* **Aim of the task**:
Pictures in the material below are to be left out, and only the lines from the line with "Если вы слегка" up to and including the line with "Collection of 20" are to be written out exactly.

* **Extracted material**:
== Segment start ==

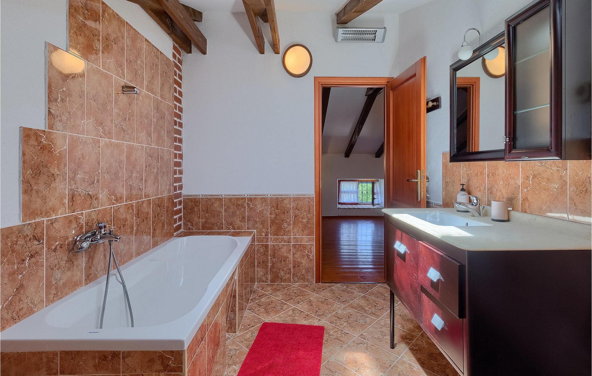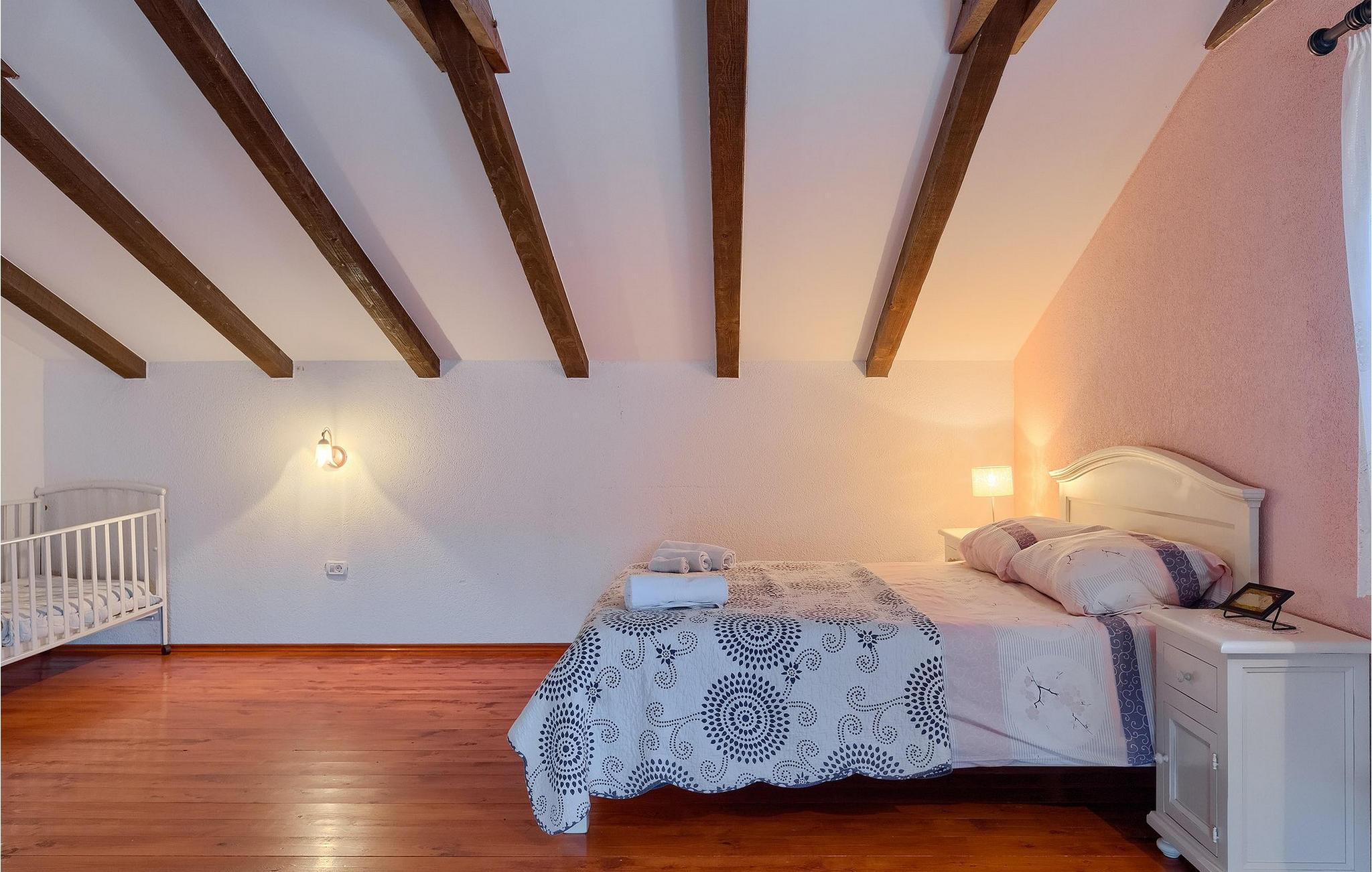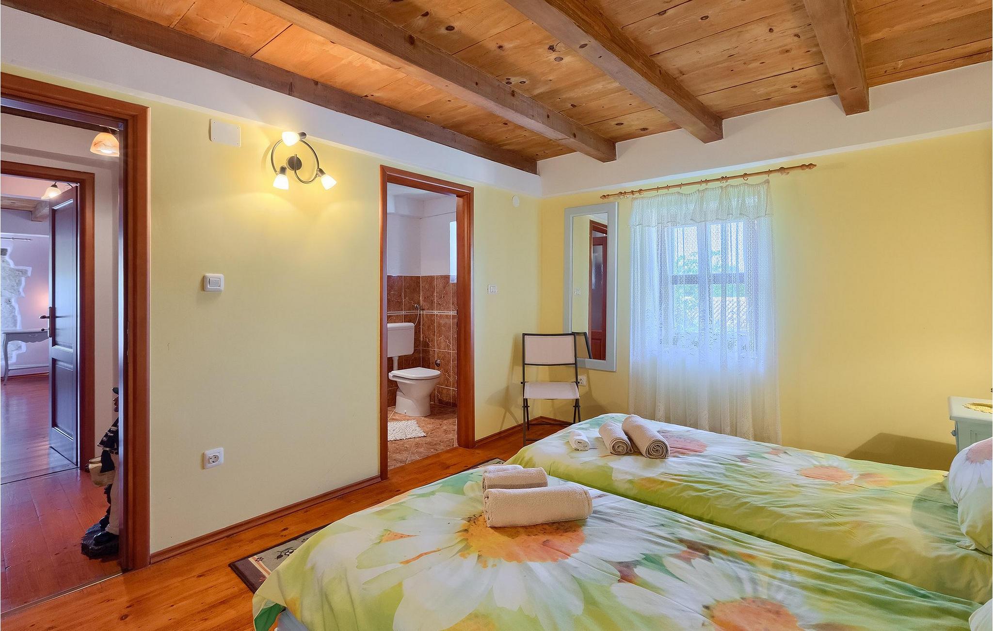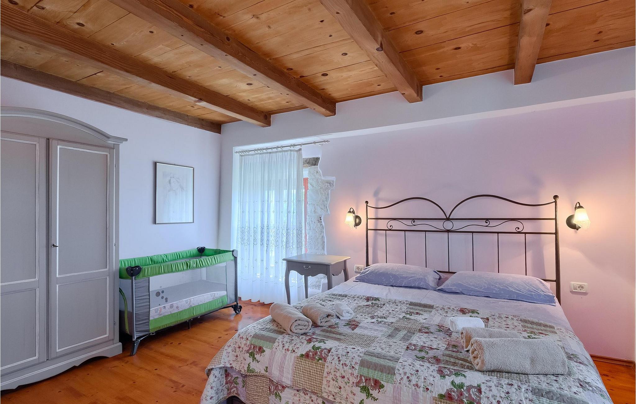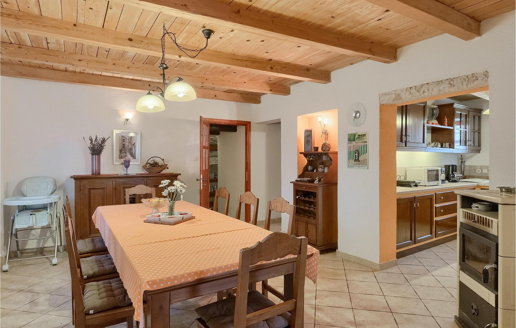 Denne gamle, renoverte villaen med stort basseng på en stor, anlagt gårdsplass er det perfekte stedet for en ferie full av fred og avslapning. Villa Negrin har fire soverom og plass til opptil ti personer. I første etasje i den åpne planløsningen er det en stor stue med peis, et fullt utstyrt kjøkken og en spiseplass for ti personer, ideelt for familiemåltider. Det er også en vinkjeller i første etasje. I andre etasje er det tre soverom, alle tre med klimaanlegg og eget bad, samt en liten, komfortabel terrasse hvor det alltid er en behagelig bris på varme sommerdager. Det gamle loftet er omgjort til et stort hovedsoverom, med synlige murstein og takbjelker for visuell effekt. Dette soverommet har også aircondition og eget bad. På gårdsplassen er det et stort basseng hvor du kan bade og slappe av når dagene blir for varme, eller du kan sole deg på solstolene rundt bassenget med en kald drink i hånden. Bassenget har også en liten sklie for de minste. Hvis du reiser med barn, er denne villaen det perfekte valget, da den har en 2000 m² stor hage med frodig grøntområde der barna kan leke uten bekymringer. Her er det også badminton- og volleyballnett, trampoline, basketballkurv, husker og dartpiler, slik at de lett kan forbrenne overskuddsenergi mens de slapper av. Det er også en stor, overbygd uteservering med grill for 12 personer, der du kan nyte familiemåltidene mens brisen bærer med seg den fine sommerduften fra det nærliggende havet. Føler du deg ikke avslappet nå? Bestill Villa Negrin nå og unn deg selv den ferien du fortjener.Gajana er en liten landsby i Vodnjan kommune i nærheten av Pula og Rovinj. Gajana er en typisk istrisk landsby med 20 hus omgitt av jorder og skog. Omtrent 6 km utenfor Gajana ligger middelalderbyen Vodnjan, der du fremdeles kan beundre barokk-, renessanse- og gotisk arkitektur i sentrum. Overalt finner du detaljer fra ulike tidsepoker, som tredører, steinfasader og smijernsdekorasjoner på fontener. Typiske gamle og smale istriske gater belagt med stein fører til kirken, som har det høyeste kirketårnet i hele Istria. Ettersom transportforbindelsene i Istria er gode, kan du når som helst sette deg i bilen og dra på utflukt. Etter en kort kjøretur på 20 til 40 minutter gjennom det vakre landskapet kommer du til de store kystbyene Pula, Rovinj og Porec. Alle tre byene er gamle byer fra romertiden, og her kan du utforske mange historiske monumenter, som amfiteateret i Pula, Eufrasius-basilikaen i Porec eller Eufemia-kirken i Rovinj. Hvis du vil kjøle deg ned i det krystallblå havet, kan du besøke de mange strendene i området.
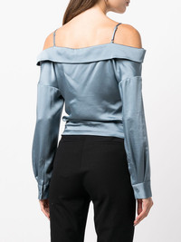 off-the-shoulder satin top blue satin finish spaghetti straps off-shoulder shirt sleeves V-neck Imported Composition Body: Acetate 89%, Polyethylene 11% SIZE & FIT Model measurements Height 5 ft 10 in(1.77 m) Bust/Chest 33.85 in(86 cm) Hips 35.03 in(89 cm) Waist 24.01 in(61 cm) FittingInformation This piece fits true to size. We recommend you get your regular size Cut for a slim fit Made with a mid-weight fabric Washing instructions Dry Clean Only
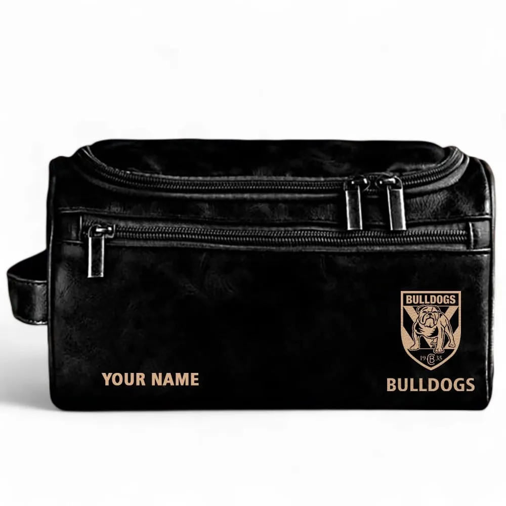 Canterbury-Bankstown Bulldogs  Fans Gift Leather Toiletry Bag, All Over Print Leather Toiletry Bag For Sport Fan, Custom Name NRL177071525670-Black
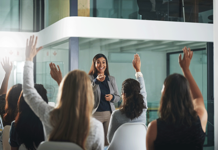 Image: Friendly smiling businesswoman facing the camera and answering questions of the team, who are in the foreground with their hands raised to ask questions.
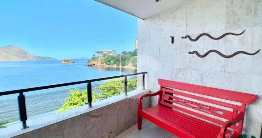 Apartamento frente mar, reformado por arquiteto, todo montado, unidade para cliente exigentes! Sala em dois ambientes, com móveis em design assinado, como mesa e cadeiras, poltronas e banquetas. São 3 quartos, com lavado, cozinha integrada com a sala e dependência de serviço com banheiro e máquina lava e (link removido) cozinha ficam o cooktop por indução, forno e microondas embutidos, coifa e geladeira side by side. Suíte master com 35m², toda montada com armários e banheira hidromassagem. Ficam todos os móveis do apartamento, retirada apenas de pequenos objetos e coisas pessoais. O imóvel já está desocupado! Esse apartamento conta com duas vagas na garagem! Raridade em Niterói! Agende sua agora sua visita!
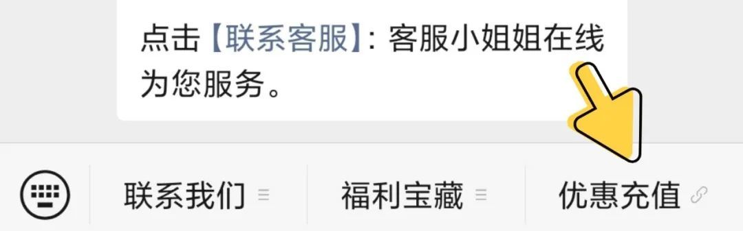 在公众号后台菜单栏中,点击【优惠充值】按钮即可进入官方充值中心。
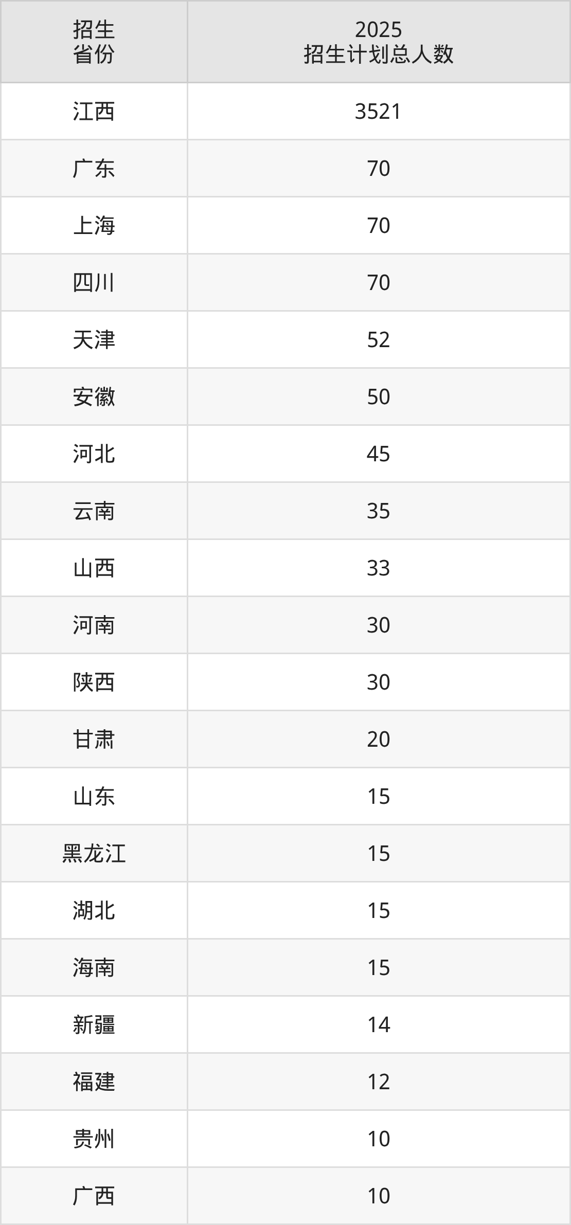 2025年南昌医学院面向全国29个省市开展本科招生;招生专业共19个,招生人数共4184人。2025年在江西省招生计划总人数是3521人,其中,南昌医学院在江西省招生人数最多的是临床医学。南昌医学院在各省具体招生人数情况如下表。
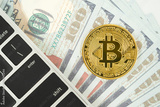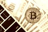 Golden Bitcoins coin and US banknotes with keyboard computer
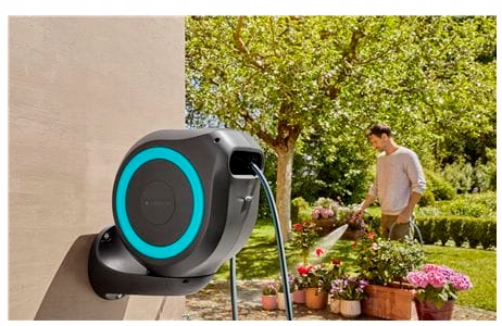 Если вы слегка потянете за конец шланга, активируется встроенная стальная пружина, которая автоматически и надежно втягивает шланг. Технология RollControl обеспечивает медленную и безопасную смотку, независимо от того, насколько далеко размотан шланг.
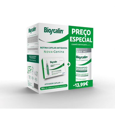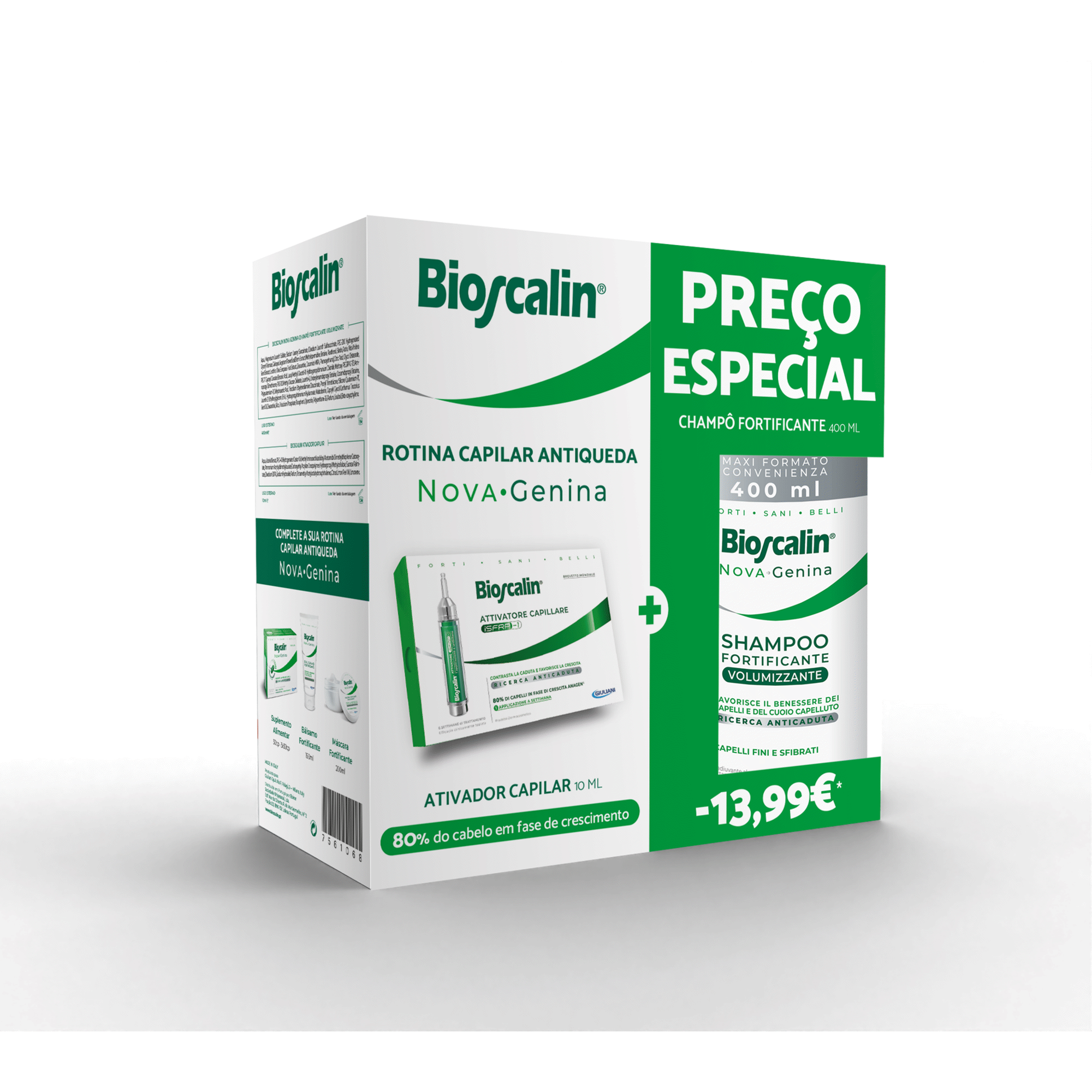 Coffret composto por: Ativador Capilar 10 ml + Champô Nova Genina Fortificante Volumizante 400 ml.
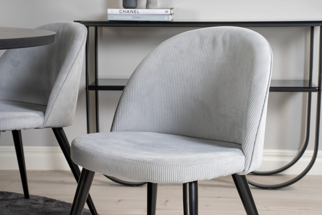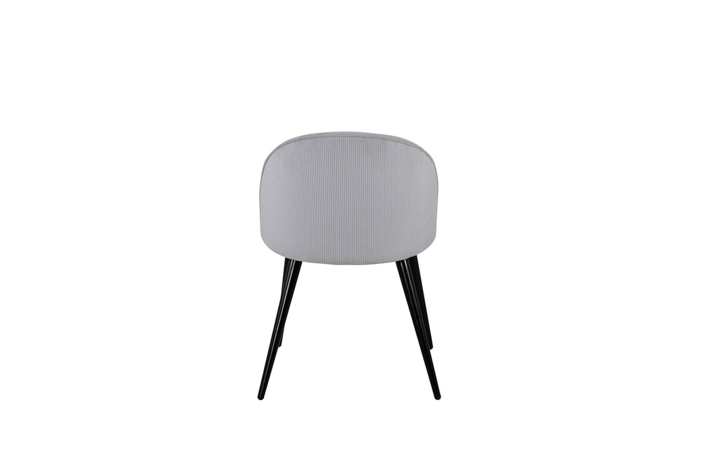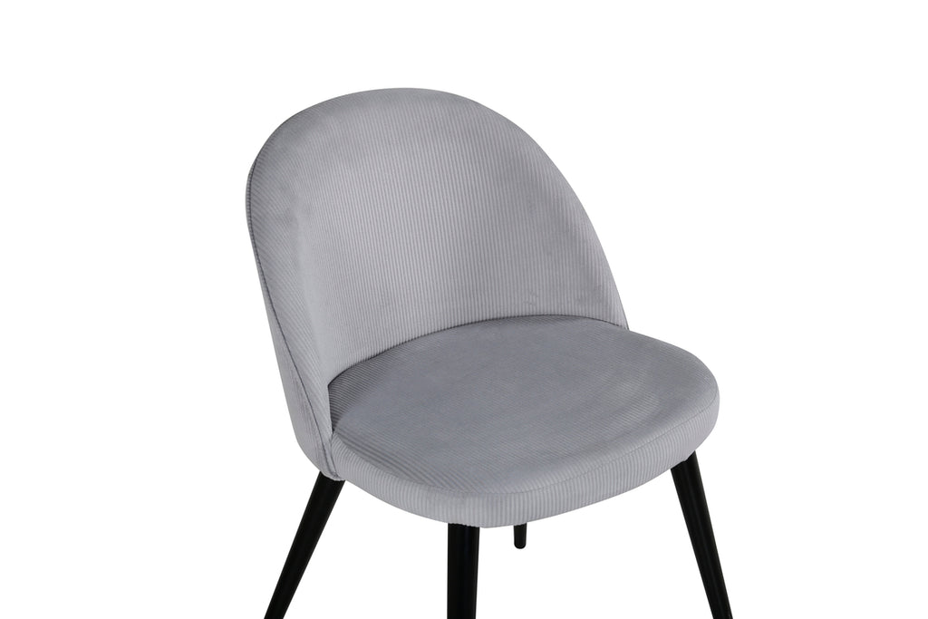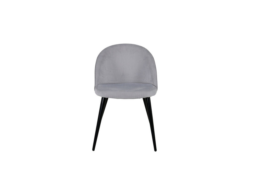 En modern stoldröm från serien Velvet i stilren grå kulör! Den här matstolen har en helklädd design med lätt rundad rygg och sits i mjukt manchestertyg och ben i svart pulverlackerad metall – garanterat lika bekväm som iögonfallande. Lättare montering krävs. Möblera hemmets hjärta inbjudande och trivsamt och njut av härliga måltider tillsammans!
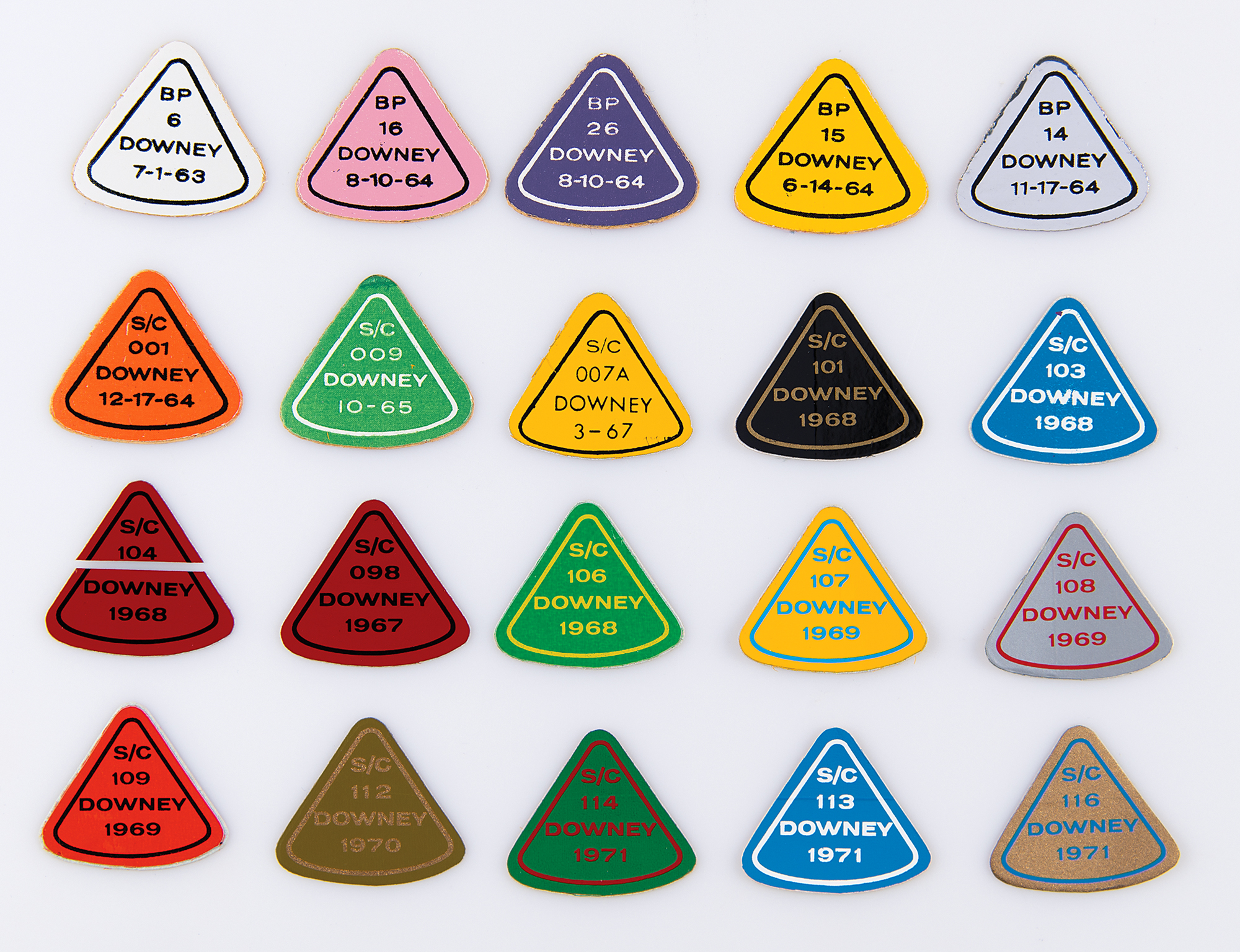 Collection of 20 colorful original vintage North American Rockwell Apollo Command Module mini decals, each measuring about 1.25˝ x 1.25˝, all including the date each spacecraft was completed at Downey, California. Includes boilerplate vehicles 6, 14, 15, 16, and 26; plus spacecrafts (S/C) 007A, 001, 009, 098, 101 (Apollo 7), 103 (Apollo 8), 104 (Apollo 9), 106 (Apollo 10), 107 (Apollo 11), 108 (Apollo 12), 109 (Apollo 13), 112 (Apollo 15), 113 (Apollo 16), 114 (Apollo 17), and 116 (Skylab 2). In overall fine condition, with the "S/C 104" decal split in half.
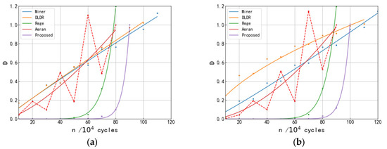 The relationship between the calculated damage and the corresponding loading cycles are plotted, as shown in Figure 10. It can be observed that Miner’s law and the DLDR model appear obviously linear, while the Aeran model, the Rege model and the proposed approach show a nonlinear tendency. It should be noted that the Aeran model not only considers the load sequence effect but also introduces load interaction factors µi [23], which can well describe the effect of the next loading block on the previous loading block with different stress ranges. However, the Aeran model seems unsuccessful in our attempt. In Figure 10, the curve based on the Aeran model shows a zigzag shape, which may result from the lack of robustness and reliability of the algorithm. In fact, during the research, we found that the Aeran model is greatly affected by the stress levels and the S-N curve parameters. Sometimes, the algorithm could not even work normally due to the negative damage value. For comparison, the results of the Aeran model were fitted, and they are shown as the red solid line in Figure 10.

== Segment end ==

* **Answer space**:
 Если вы слегка потянете за конец шланга, активируется встроенная стальная пружина, которая автоматически и надежно втягивает шланг. Технология RollControl обеспечивает медленную и безопасную смотку, независимо от того, насколько далеко размотан шланг.
 Coffret composto por: Ativador Capilar 10 ml + Champô Nova Genina Fortificante Volumizante 400 ml.
 En modern stoldröm från serien Velvet i stilren grå kulör! Den här matstolen har en helklädd design med lätt rundad rygg och sits i mjukt manchestertyg och ben i svart pulverlackerad metall – garanterat lika bekväm som iögonfallande. Lättare montering krävs. Möblera hemmets hjärta inbjudande och trivsamt och njut av härliga måltider tillsammans!
 Collection of 20 colorful original vintage North American Rockwell Apollo Command Module mini decals, each measuring about 1.25˝ x 1.25˝, all including the date each spacecraft was completed at Downey, California. Includes boilerplate vehicles 6, 14, 15, 16, and 26; plus spacecrafts (S/C) 007A, 001, 009, 098, 101 (Apollo 7), 103 (Apollo 8), 104 (Apollo 9), 106 (Apollo 10), 107 (Apollo 11), 108 (Apollo 12), 109 (Apollo 13), 112 (Apollo 15), 113 (Apollo 16), 114 (Apollo 17), and 116 (Skylab 2). In overall fine condition, with the "S/C 104" decal split in half.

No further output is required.